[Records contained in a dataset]
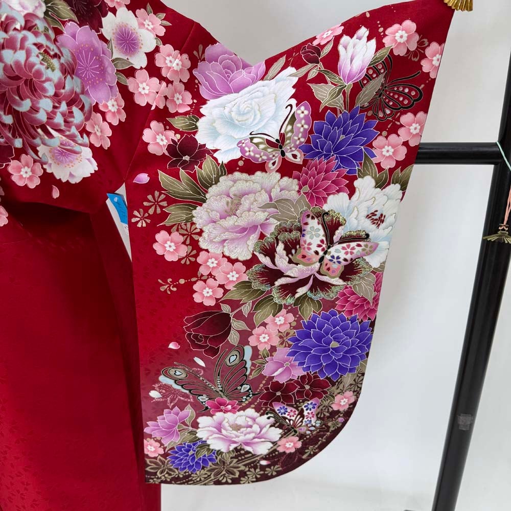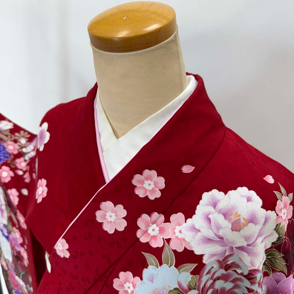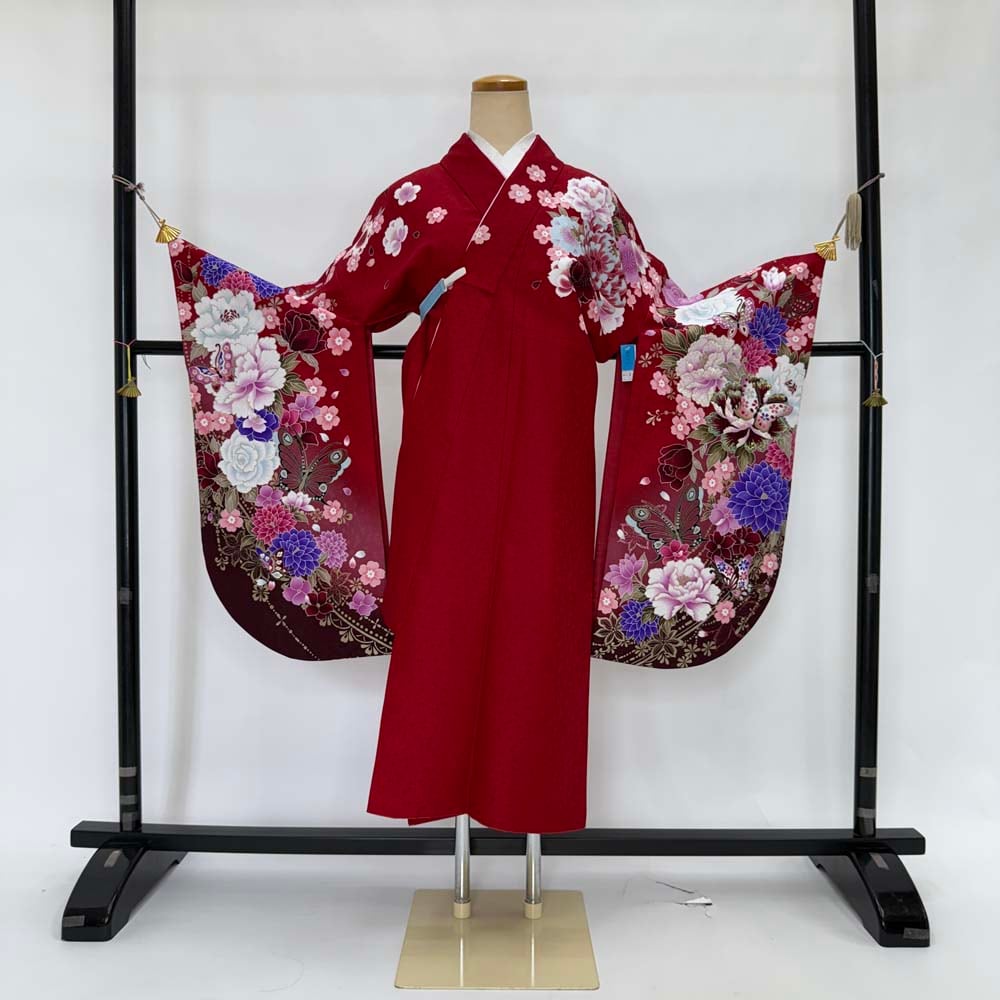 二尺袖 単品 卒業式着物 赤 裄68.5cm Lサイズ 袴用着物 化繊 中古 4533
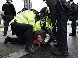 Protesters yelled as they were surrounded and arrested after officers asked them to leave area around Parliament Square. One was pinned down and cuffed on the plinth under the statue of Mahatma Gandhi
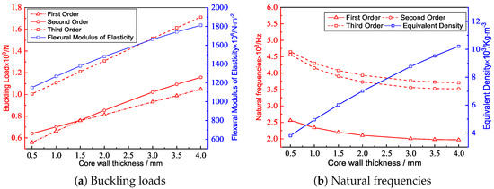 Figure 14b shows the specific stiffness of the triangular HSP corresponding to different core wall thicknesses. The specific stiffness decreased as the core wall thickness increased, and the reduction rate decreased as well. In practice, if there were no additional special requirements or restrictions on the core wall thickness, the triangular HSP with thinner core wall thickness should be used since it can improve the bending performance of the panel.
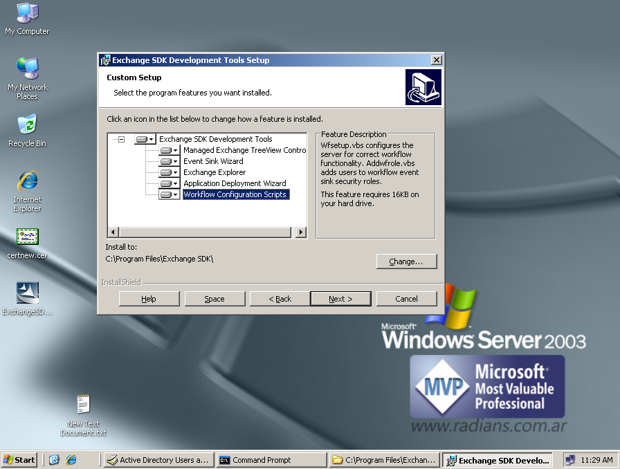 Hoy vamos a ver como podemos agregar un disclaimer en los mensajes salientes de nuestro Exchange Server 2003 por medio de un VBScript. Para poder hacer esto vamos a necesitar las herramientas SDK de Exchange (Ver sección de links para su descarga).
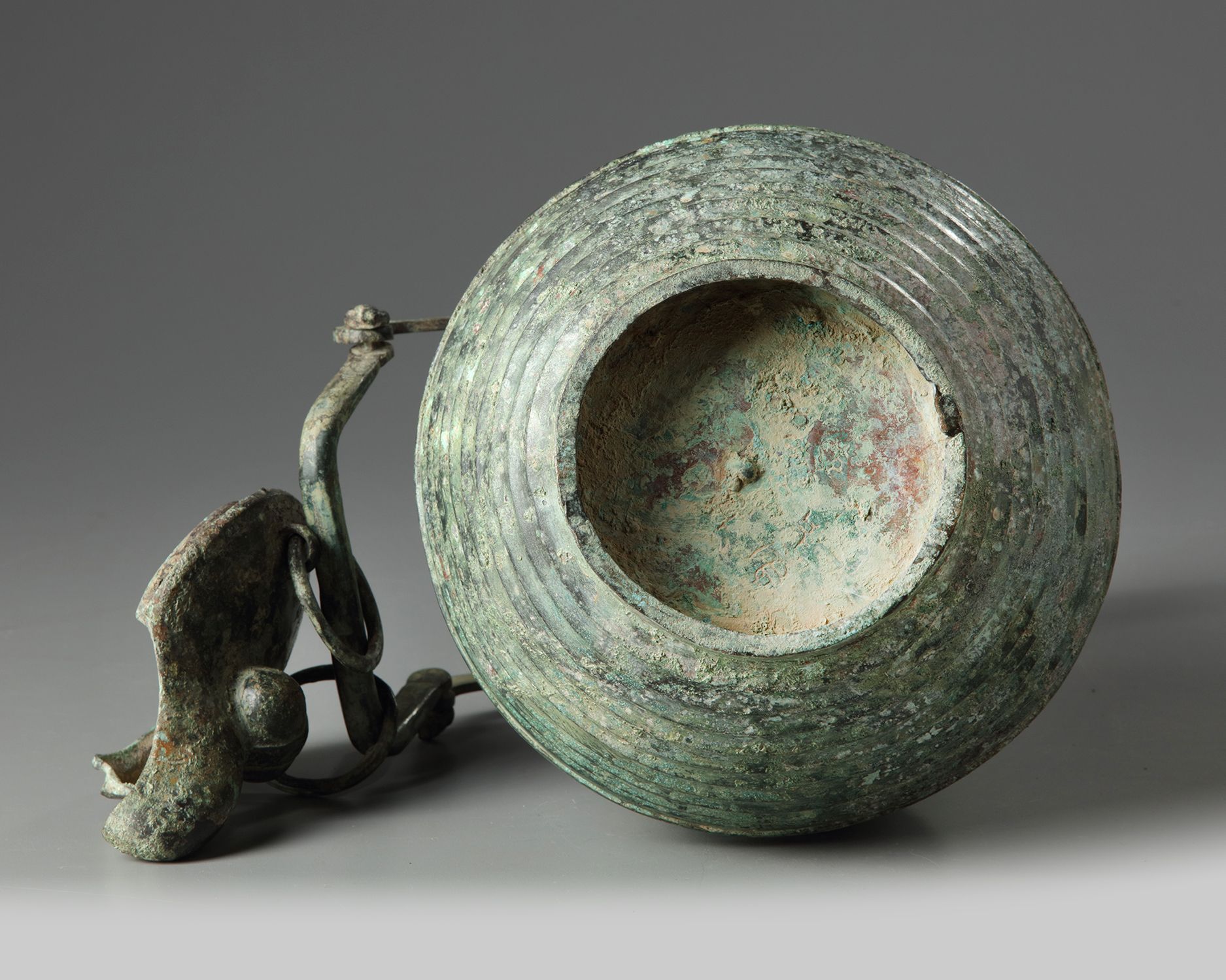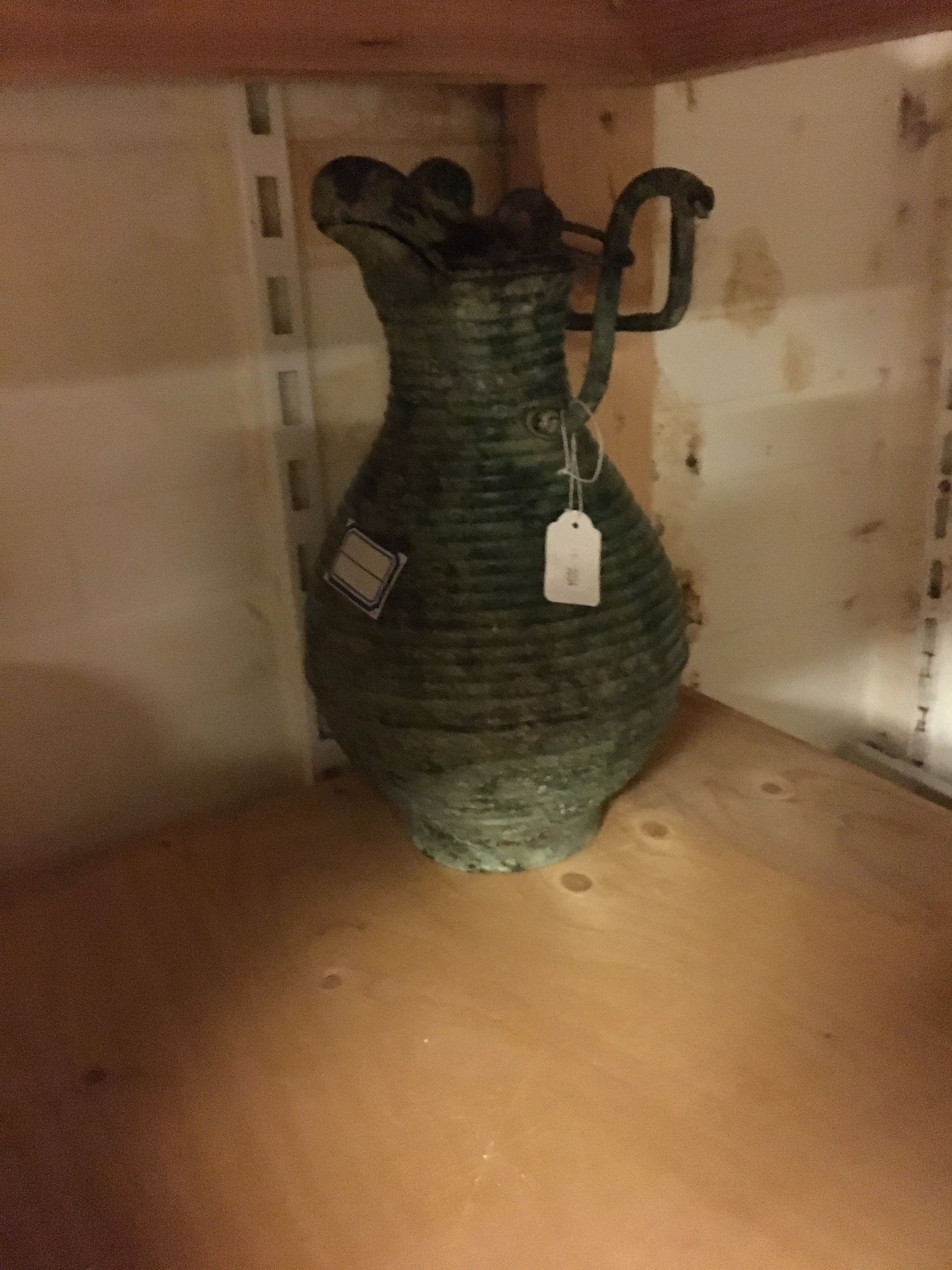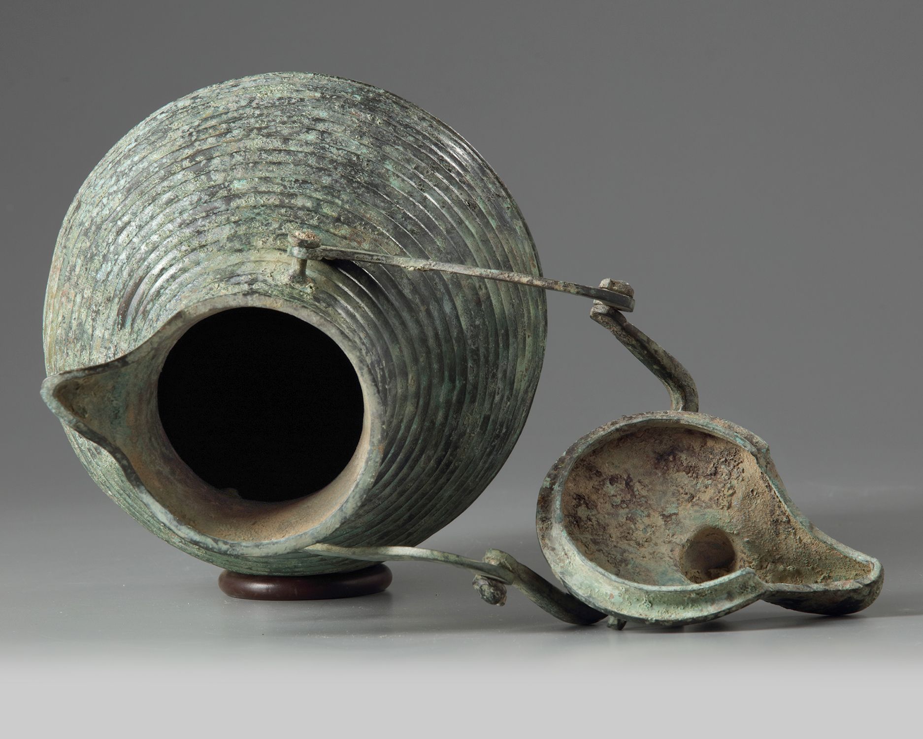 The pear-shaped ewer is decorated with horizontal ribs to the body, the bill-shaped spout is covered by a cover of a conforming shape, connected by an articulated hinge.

→ **Task requirements**: From the line containing "Hoy vamos a" to the end of the data above, give those lines again verbatim, with both endpoints included and no images.

→ **Final answer**:
 Hoy vamos a ver como podemos agregar un disclaimer en los mensajes salientes de nuestro Exchange Server 2003 por medio de un VBScript. Para poder hacer esto vamos a necesitar las herramientas SDK de Exchange (Ver sección de links para su descarga).
 The pear-shaped ewer is decorated with horizontal ribs to the body, the bill-shaped spout is covered by a cover of a conforming shape, connected by an articulated hinge.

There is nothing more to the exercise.